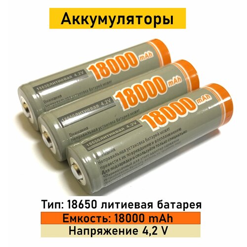 Аккумуляторы, тип 18650 литиевая батарея, ёмкостью 18 000 mAh, 3 шт.
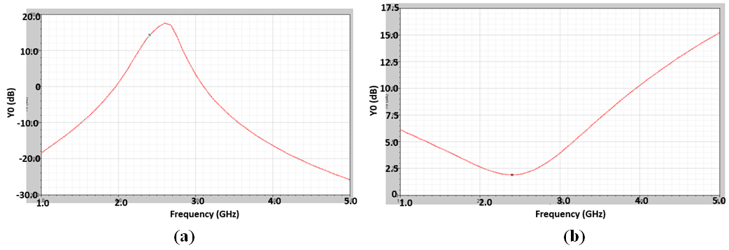 As seen fig. 5 (b), based on the PSS simulation, the conversion gain VS RF power at 2.4 GHz is 14.6 dB. Also, NF is 15dB while the power consumption is 8.2 mW.
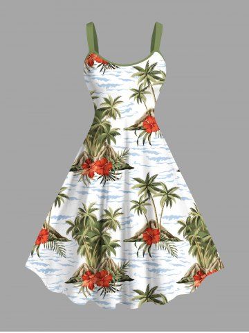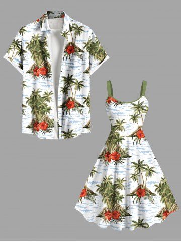 Tenues Hawaïennes Assorties> Tenue de plage hawaïenne assortie grande taille, motif cocotier, hibiscus, vagues de la mer, pour couples
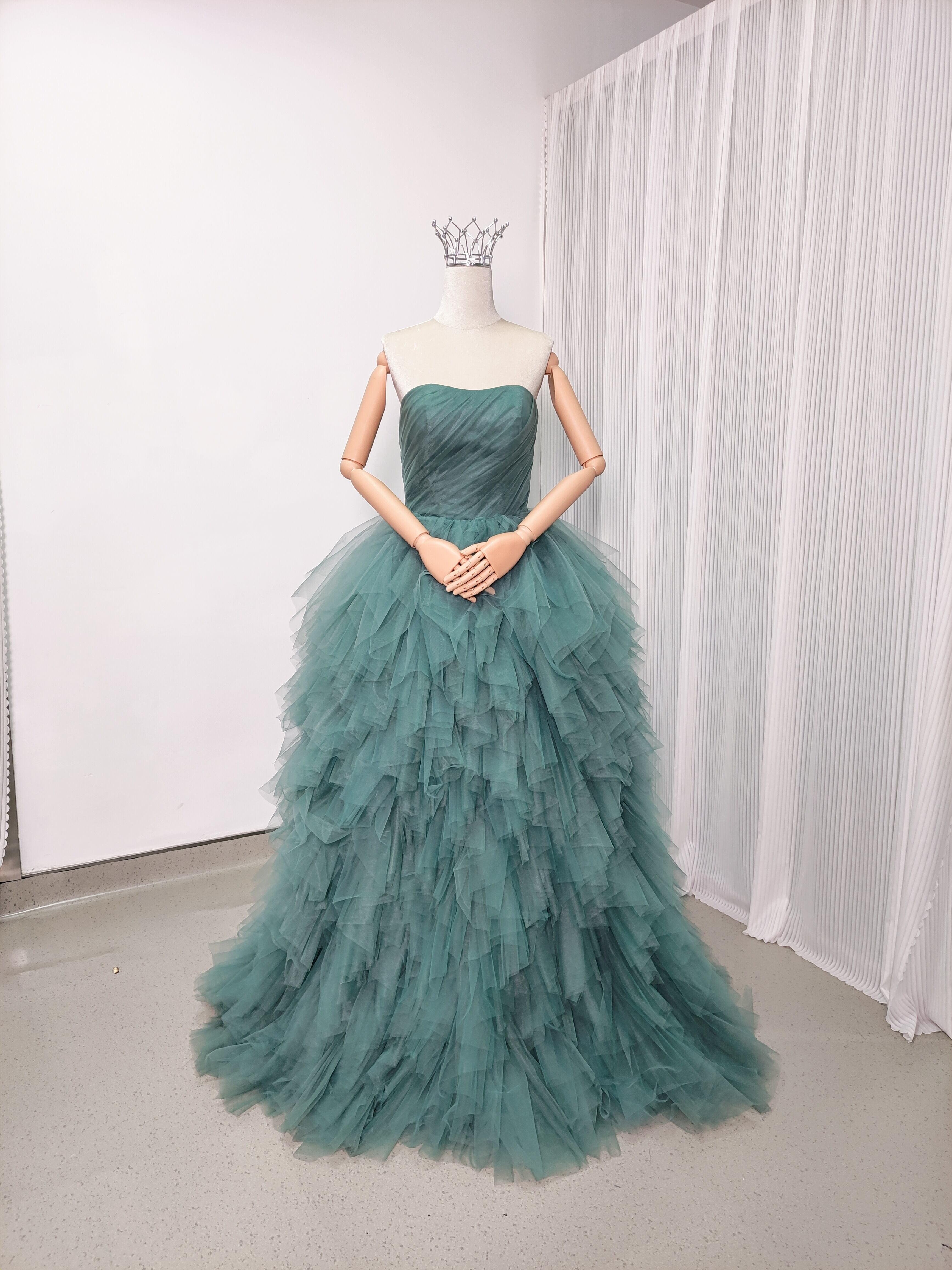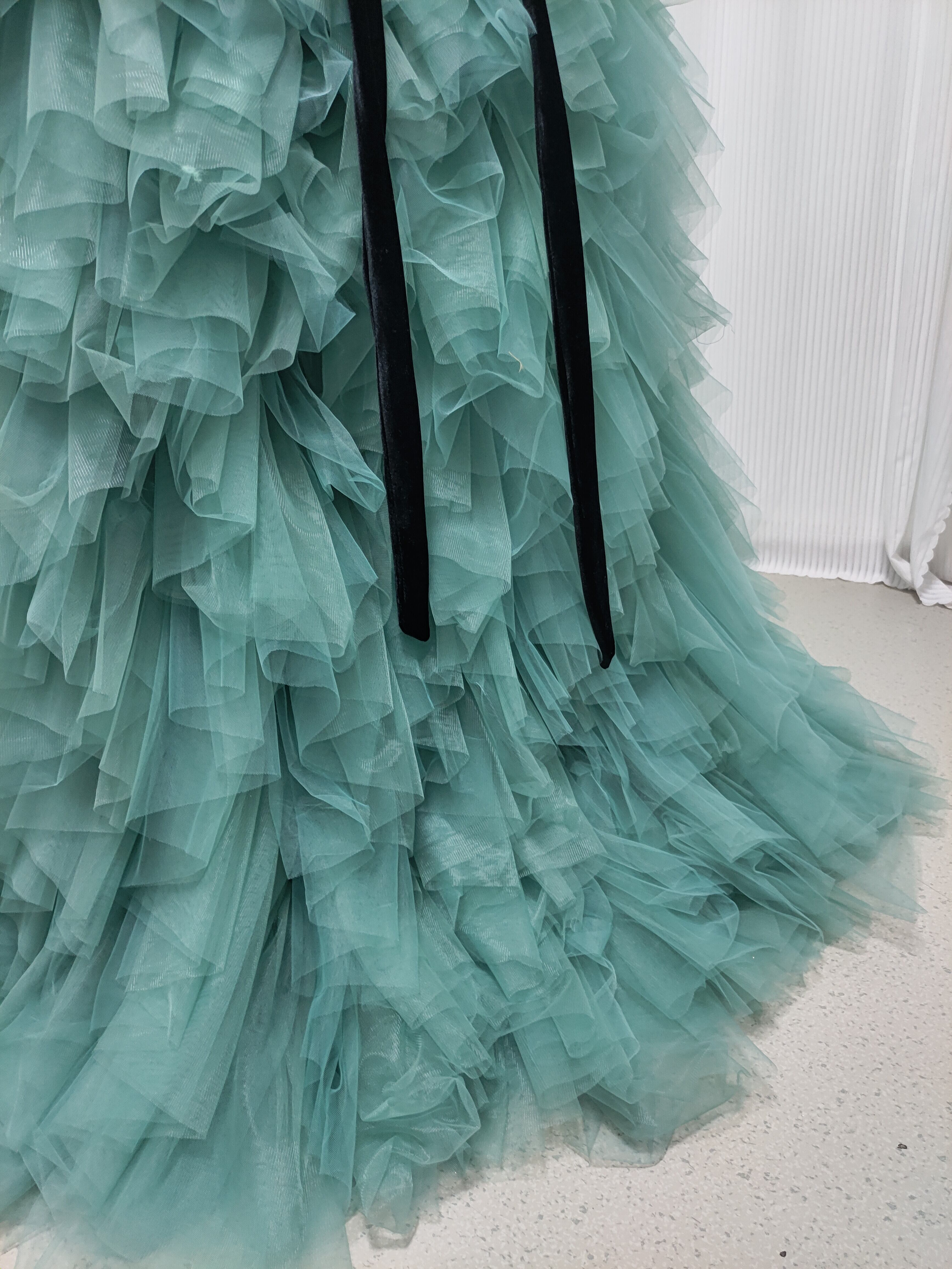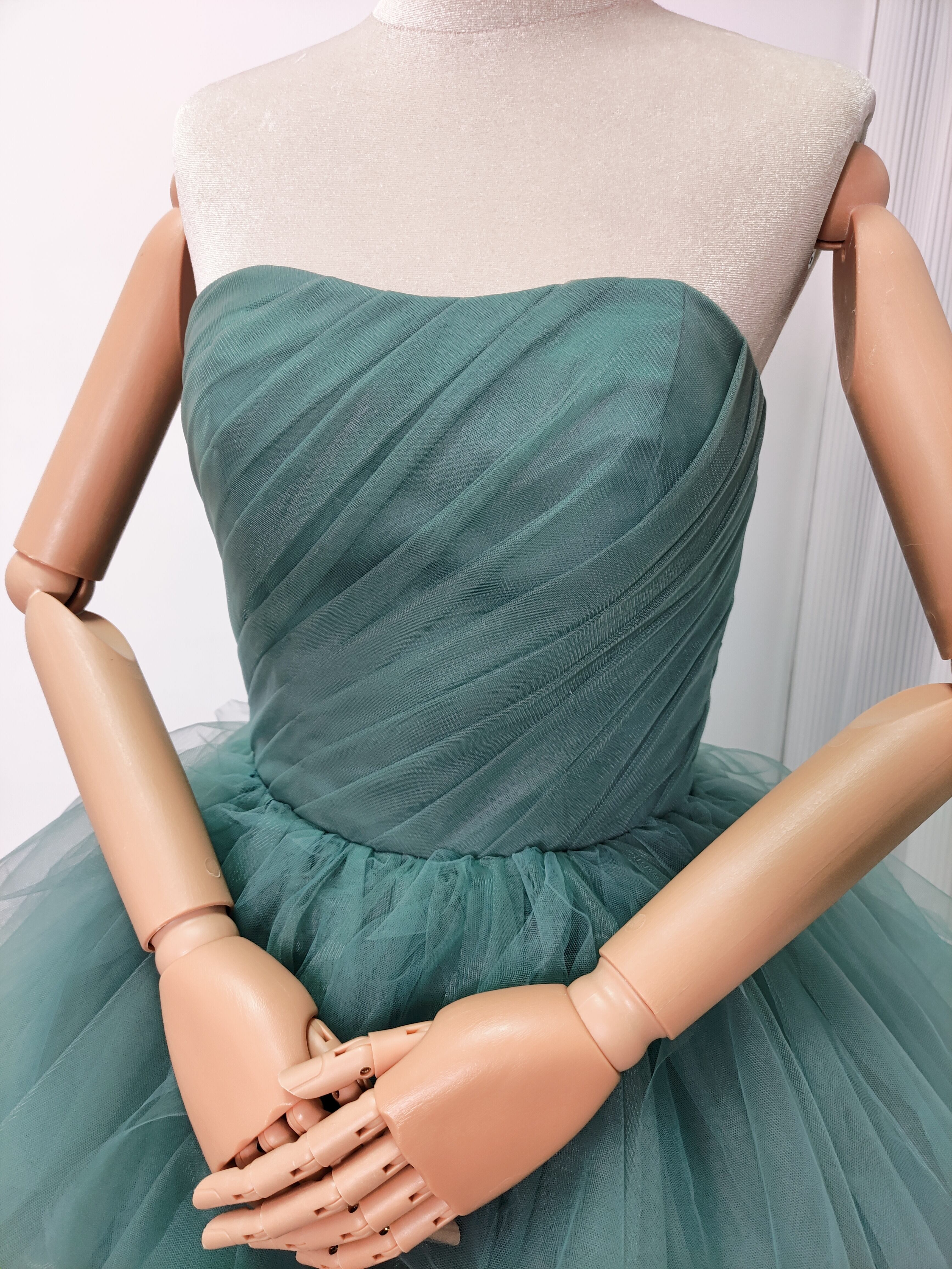 グリーン オフショルダー カラードレス ソフトチュール 重ねたチュールスカート華やかなトレボリュームドレス/前撮り/結婚
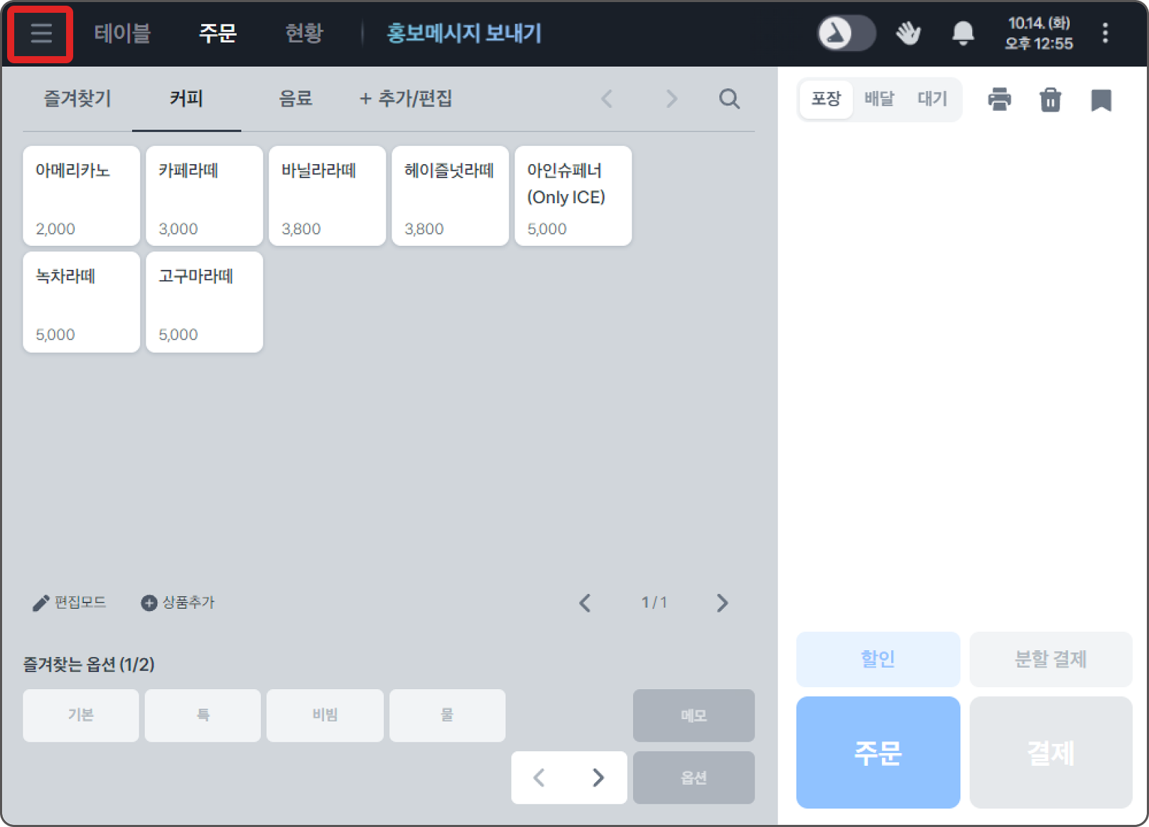 2. 직원이 따로 ‘옵션’ 버튼을 누르지 않아도 되기 때문에, 온도·사이즈처럼 꼭 필요한 옵션에 유용해요.
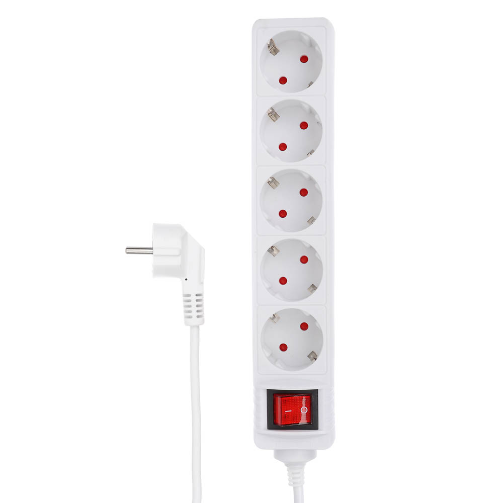 Универсальный электрический удлинитель с заземлением. Оснащен выключателем. Предназначен для нестационарного подключения потребителей к электрической сети переменного тока, на 5 евророзеток, с максимальной мощностью 3500Вт, длина шнура 3 метра.
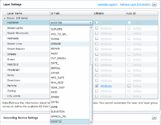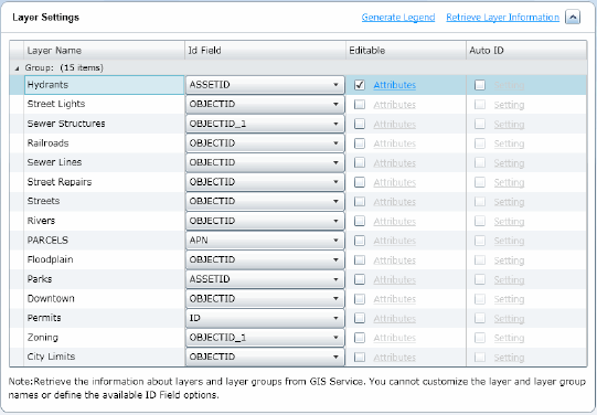 Layer Name Layer groups and names are automatically retrieved when you select a map service. By default, this column is expanded and displays all the layer groups and names. ID Field This drop-down list displays the available attribute fields for the selected map layer. Select an identification field for each map layer. Editable Mark the check box next to the map layer that you want to make editable, then click the Attributes link to configure which attributes are editable.
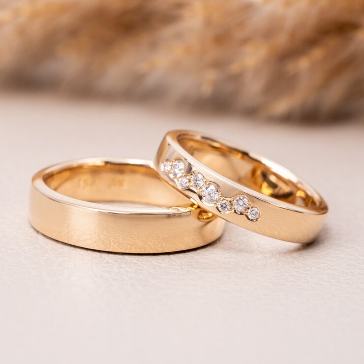 Vielsesringe i 14kt guld med blank overflade og hvide brillianter fattet i fransk pavé. Når vi laver vielsesringe til jer, så tilpasser vi ringene, så de passer til jer og jeres hænder, derfor vil vi gerne have et uforpligtende designmøde med jer på værkstedet. Prisen på vielsesringene kan derfor variere og denne oplyste pris er vejledende.
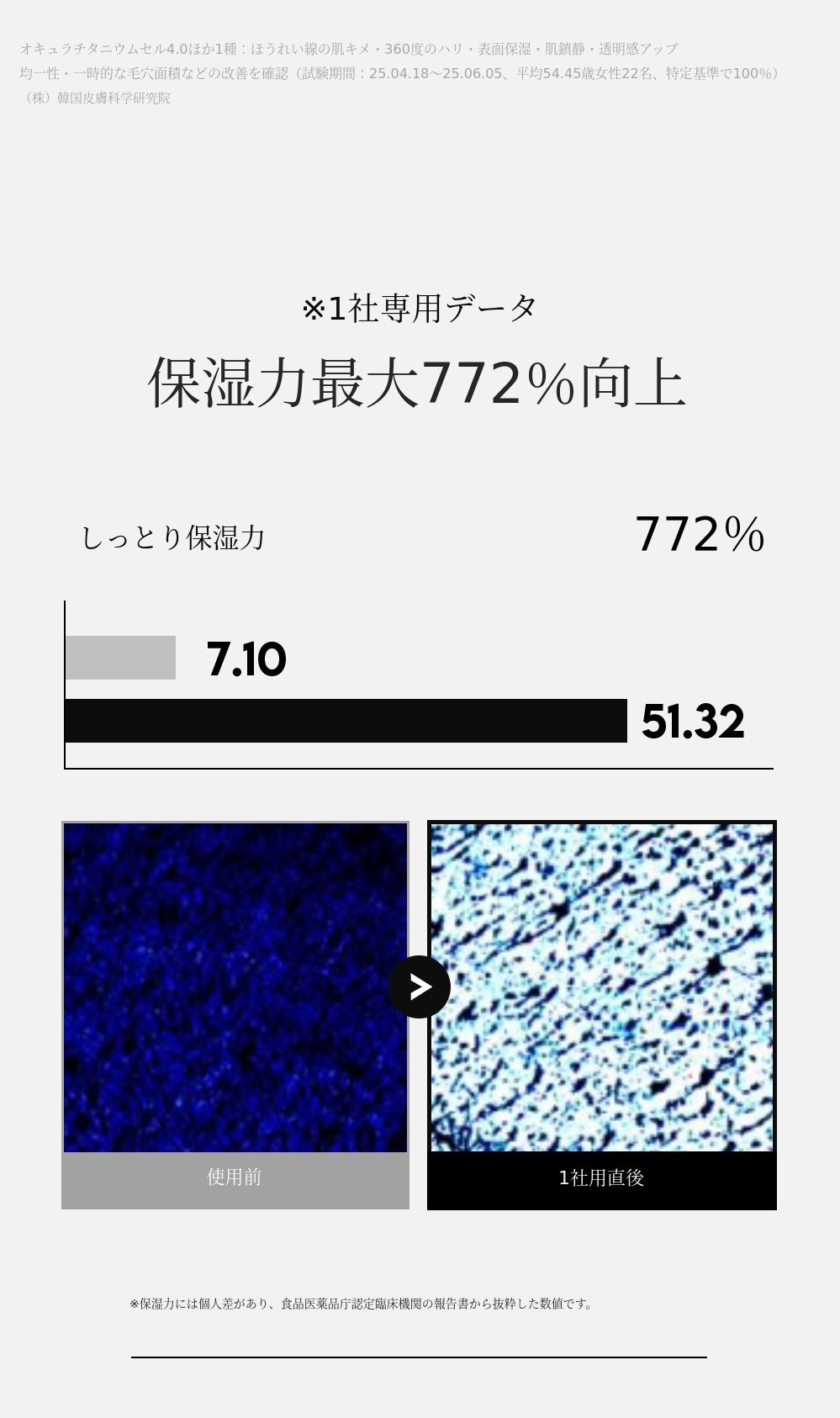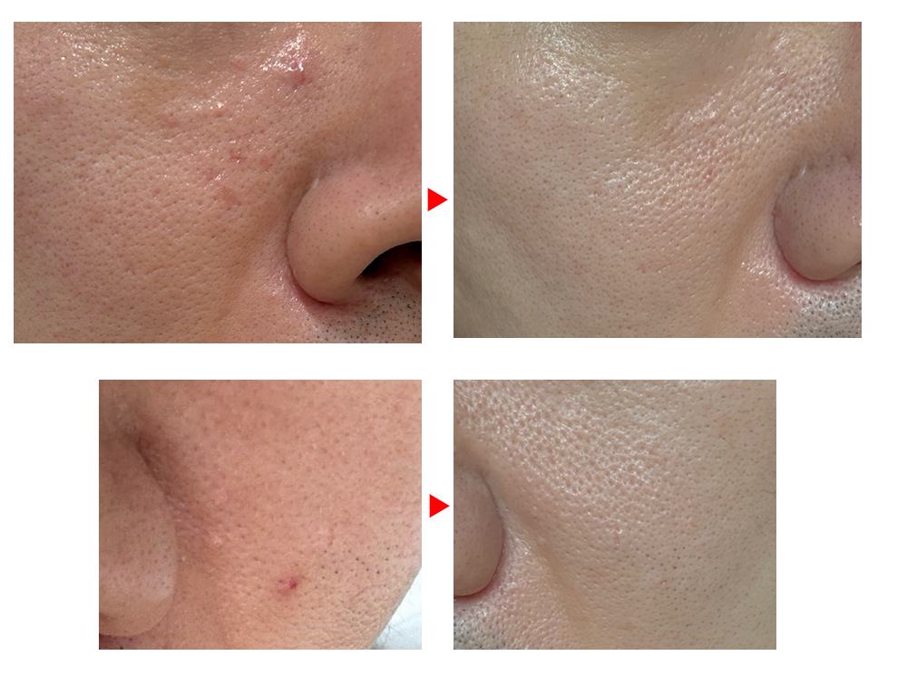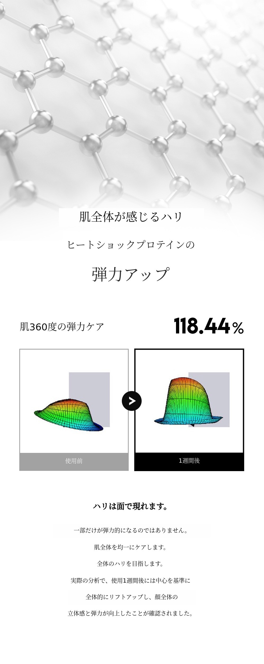 ほうれい線部位の肌キメ、肌のハリ改善、4大毛穴改善効果が食品医薬品安全処登録臨床機関で証明された技術です。

**********

DIRECTIONS FOR THIS TASK — When you print the records above, keep them exact and leave out the pictures.

SOLUTION FOR THIS EXERCISE —
 Аккумуляторы, тип 18650 литиевая батарея, ёмкостью 18 000 mAh, 3 шт.
 As seen fig. 5 (b), based on the PSS simulation, the conversion gain VS RF power at 2.4 GHz is 14.6 dB. Also, NF is 15dB while the power consumption is 8.2 mW.
 Tenues Hawaïennes Assorties> Tenue de plage hawaïenne assortie grande taille, motif cocotier, hibiscus, vagues de la mer, pour couples
 グリーン オフショルダー カラードレス ソフトチュール 重ねたチュールスカート華やかなトレボリュームドレス/前撮り/結婚
 2. 직원이 따로 ‘옵션’ 버튼을 누르지 않아도 되기 때문에, 온도·사이즈처럼 꼭 필요한 옵션에 유용해요.
 Универсальный электрический удлинитель с заземлением. Оснащен выключателем. Предназначен для нестационарного подключения потребителей к электрической сети переменного тока, на 5 евророзеток, с максимальной мощностью 3500Вт, длина шнура 3 метра.
 Layer Name Layer groups and names are automatically retrieved when you select a map service. By default, this column is expanded and displays all the layer groups and names. ID Field This drop-down list displays the available attribute fields for the selected map layer. Select an identification field for each map layer. Editable Mark the check box next to the map layer that you want to make editable, then click the Attributes link to configure which attributes are editable.
 Vielsesringe i 14kt guld med blank overflade og hvide brillianter fattet i fransk pavé. Når vi laver vielsesringe til jer, så tilpasser vi ringene, så de passer til jer og jeres hænder, derfor vil vi gerne have et uforpligtende designmøde med jer på værkstedet. Prisen på vielsesringene kan derfor variere og denne oplyste pris er vejledende.
 ほうれい線部位の肌キメ、肌のハリ改善、4大毛穴改善効果が食品医薬品安全処登録臨床機関で証明された技術です。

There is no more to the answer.